The Air Force started the process all over again, and Boeing and a partnership of Northrop Grumman Corp. and Airbus are now dueling for a $40 billion contract that could be awarded as soon as Feb. 27.
McCain said he won’t oppose Boeing winning it this time “if it is judged by the Pentagon to be a fair, open and equal competition. I have never favored any corporation.”
On the state of the race, McCain said the primary battle for delegates is far from ended as Huckabee is “still very formidable.”
And the Arizona senator said he is not sure how he’ll do in Washington’s caucuses because he’s not done well in any caucuses.
“We’ve never had the money to really work them,” he said.
McCain said he planned to return to Washington before the Feb. 19 primary. Republicans in Washington are doling out about half of the delegates in the caucuses and the other half in the primary.

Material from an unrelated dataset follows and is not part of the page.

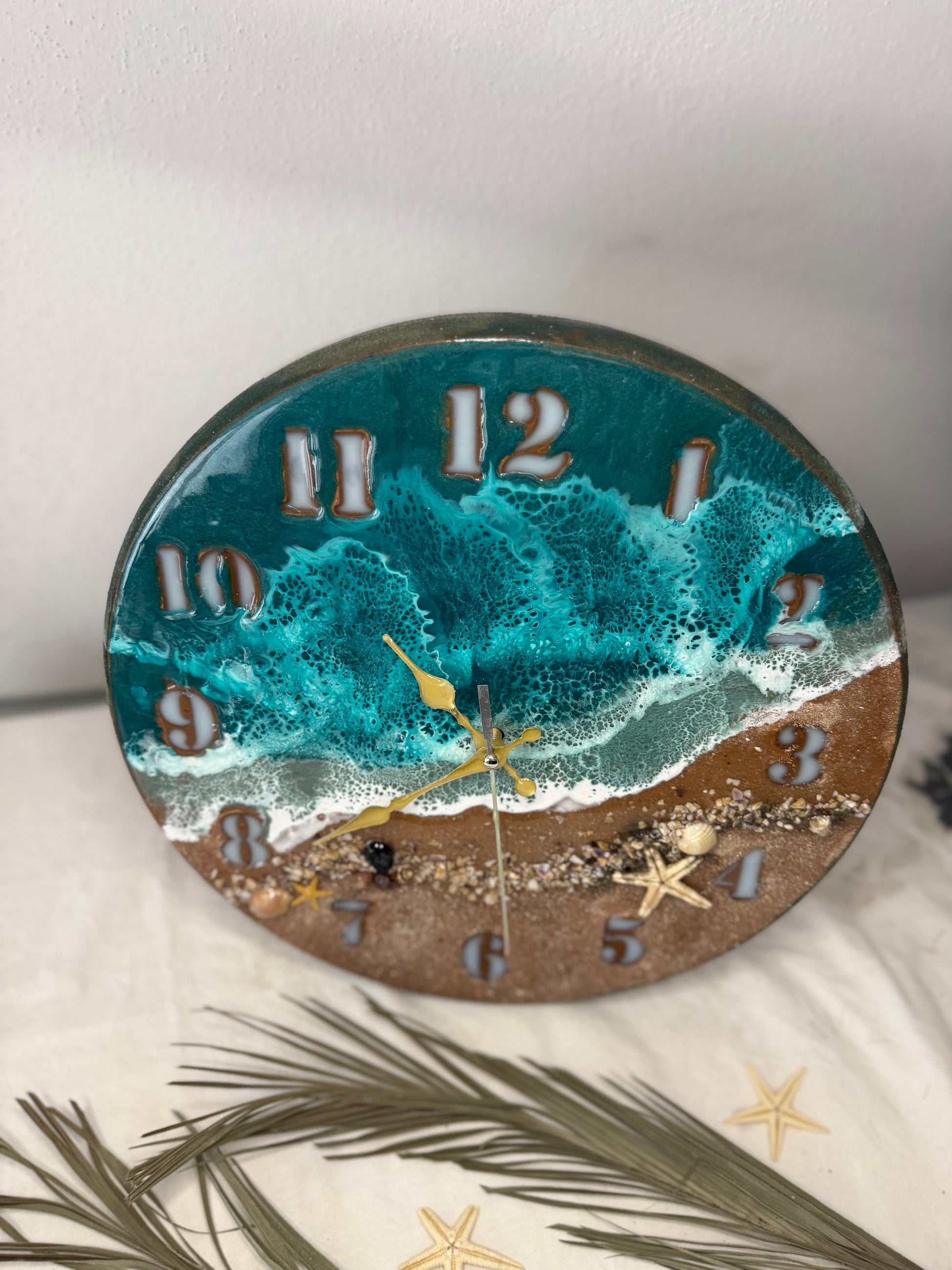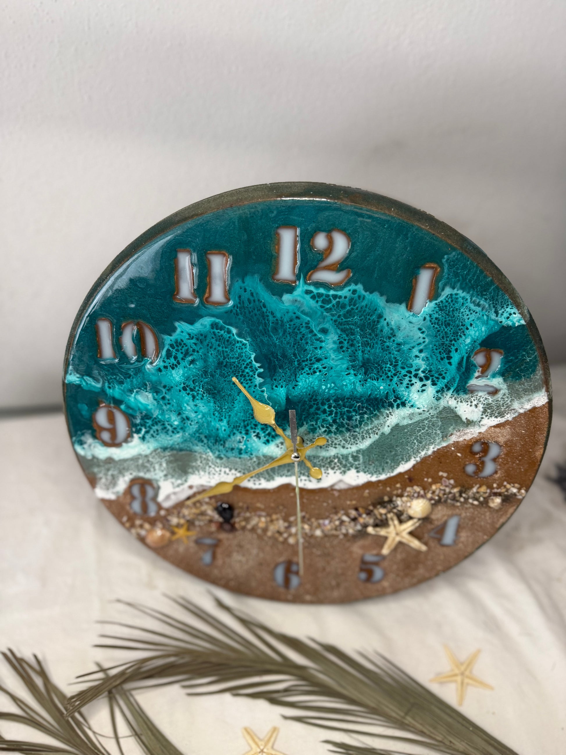 33 santim 33santim olup karanlıkta parlayan epoksi deniz efekti ile beraber üç boyut deniz tasarlanmış olup rahatlıkla saati görebileceğiniz akrep yelkovan da da özellikle fosforlu boya kullanılmış olup akrep bir yelkovan sessiz akar olup kaliteli malzemeler kullanmış olup mdf üzerine yapılan epoksi ile birleştirilmiştir.

As the party’s presumptive nominee, McCain is receiving more attention from Democratic presidential candidate Sen. Barack Obama.
At his campaign rally Friday in Seattle, Obama said that he is looking forward to debating McCain because there are “clear distinctions” between them. Obama also contended McCain will perpetuate the “failed” defense and economic policies of President Bush.
“I’m more than ready to debate him,” McCain said, noting there a lot of domestic and foreign policy differences to be highlighted.
“Whether it’s Senator Obama or Senator Clinton it will be a respectful debate,” he said.
Back inside the Westin Hotel, Grant Schott, a self-described Democrat, drove up from Portland, Ore., to hear McCain and left with a bumper sticker attached to his sweatshirt.
“I’ve always liked McCain because he’s a consensus builder for America. I appreciate that he says what’s on his mind,” Scott said.
For Melanie and Adam Smith of Sammamish, McCain was the third presidential hopeful they’d seen in two days; they attended the Seattle rallies of Democratic Sens. Hillary Clinton and Barack Obama.
“I’m trying to figure out who I want to vote for,” said Melanie Smith. “I think (McCain) is a really nice guy, but I think I need to do some more research.”